La psicóloga Verónica Salas Robles, en su práctica, por ejemplo, sí ha notado que en estos días se ven las señales de depresión y ansiedad entre los participantes, ya que la época apela a muchas emociones, entre las que destacan el exponerse a ambientes de conflicto (familiar), rupturas amorosas, el duelo por la pérdida física de alguien y gastos excesivos.

Salas Robles hizo un llamado a la población a que, de cara a los próximos días, se den la oportunidad de explorar sus emociones, reflexionar sobre estas, pero además, ventilarlas con quien se tengan confianza y se considere un red de apoyo. 

“Si entiendes que tu salud mental tiende a decaer durante esta época, no dudes en buscar ayuda. Hay recursos y esperanzas. No estás solo”, puntualizó Salas Robles.

Por su parte, la doctora Kimberly Santos Avilés, psicóloga clínica y directora de Director of Medication Assisted Treatment en Colorado, apuntó a que la temporada suele ser difícil para quienes batallan con su autoestima y tienen que enfrentarse a ambientes familiares en los que reina la crítica y los comentarios negativos.

“Todos esos comentarios pueden afectar la autoestima y la familia piensa que es algo normal. Muchas personas evitan o no les gusta la Navidad por eso”, dijo Santos Avilés.

¿Y el tema del suicidio y la salud mental en Navidad?

El tema del suicido es otro, que por mucho tiempo, se ha vinculado con la temporada navideña.
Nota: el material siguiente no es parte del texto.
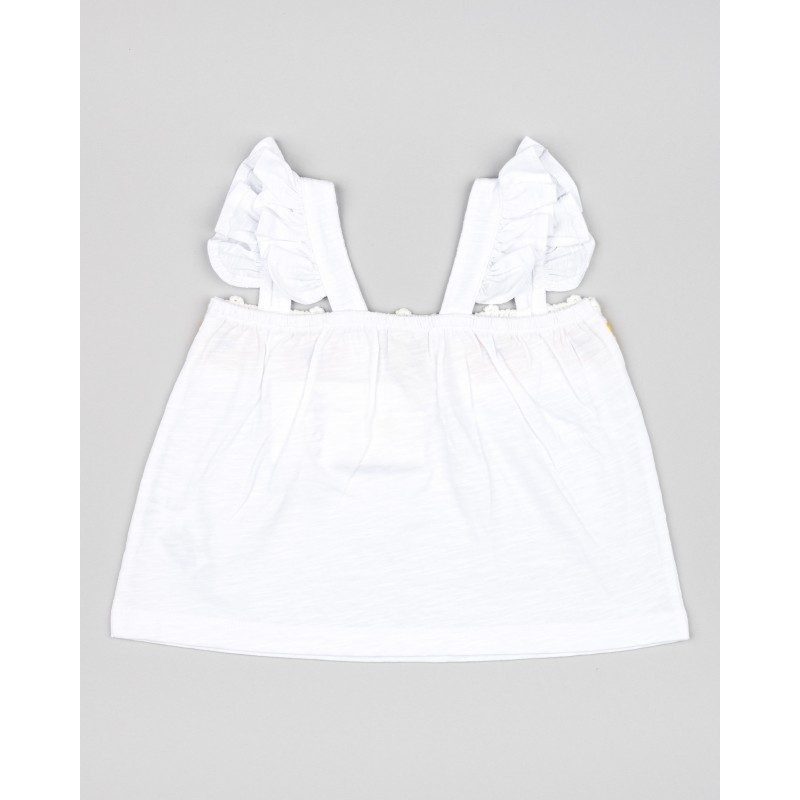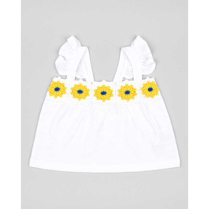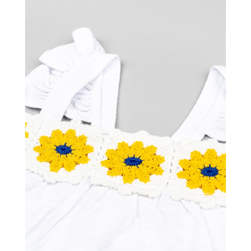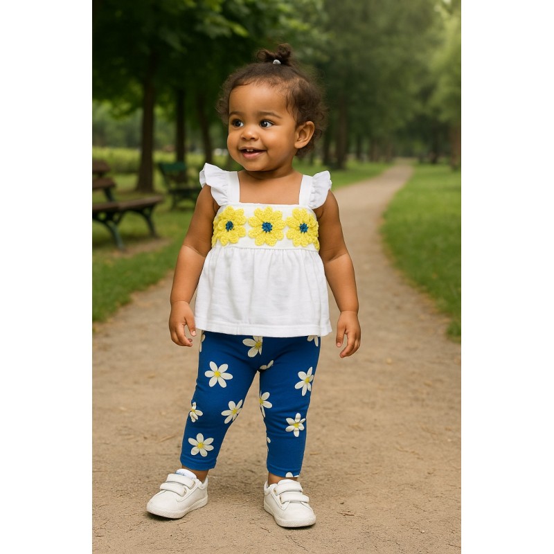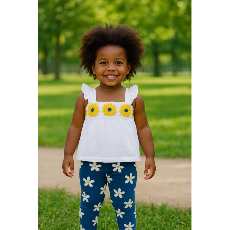 CONJUNTO BLUSA CORTA CON FLORES AMARILLAS TEJIDAS Y LEGGINS ESTAMPADO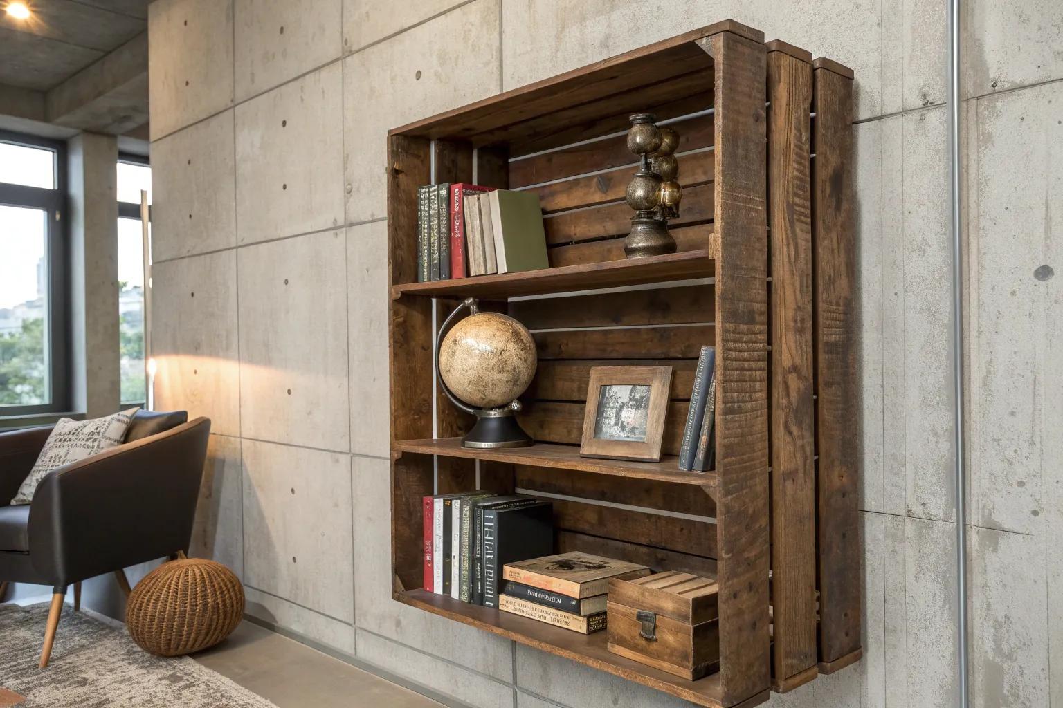 Elevate your space with wall-mounted crate displays that showcase timeless craftsmanship.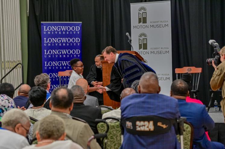 Reveley acknowledged the history of those in the audience had intersected with Longwood’s history in challenging and sometimes painful ways. In 2014, Longwood’s Board of Visitors apologized for the university’s actions and inactions during the civil rights era, and launched a partnership “in perpetuity” with the Moton Museum to help advance understanding of Virginia’s civil rights history and expand opportunity in education.

Sin embargo, un gran estudio de la Universidad de Pennsylvania, publicado recientemente, confirma que se trata de un mito perpetuado cada año por los medios de comunicación. 

Según los hallazgos, los meses de invierno generalmente tienen tasas más bajas de suicidio. De hecho, el año pasado, noviembre y diciembre se convirtieron en los meses más bajos del año por muertes a causa de suicidio en los Estados Unidos.

En Puerto Rico tampoco existe una tendencia consistente en el incremento de muertes por suicidio en época navideña, según la doctora María Coss, psicóloga clínica de la Comisión para la Prevención del Suicidio. 

Sin embargo, reiteró que el malestar emocional y la vulnerabilidad de la población ante situaciones psicológicas sí se puede ver en estos días y los datos de la Línea PAS plantean que algunas personas se dirigen a esta herramienta para buscar apoyo. 

La doctora Coss apuntó a que, a sabiendas que más de la mitad de la población batalla con enfermedades crónicas (un factor de riesgo para los problemas de salud mental), la época navideña no debe ser razón para desatender sus condiciones o dejar de visitar los especialistas.

“Tengamos cuidado y hagamos un balance en esta época. No podemos descuidar nuestras condiciones físicas, pues se puede afectar nuestra salud mental y emocional en el proceso”, concluyó.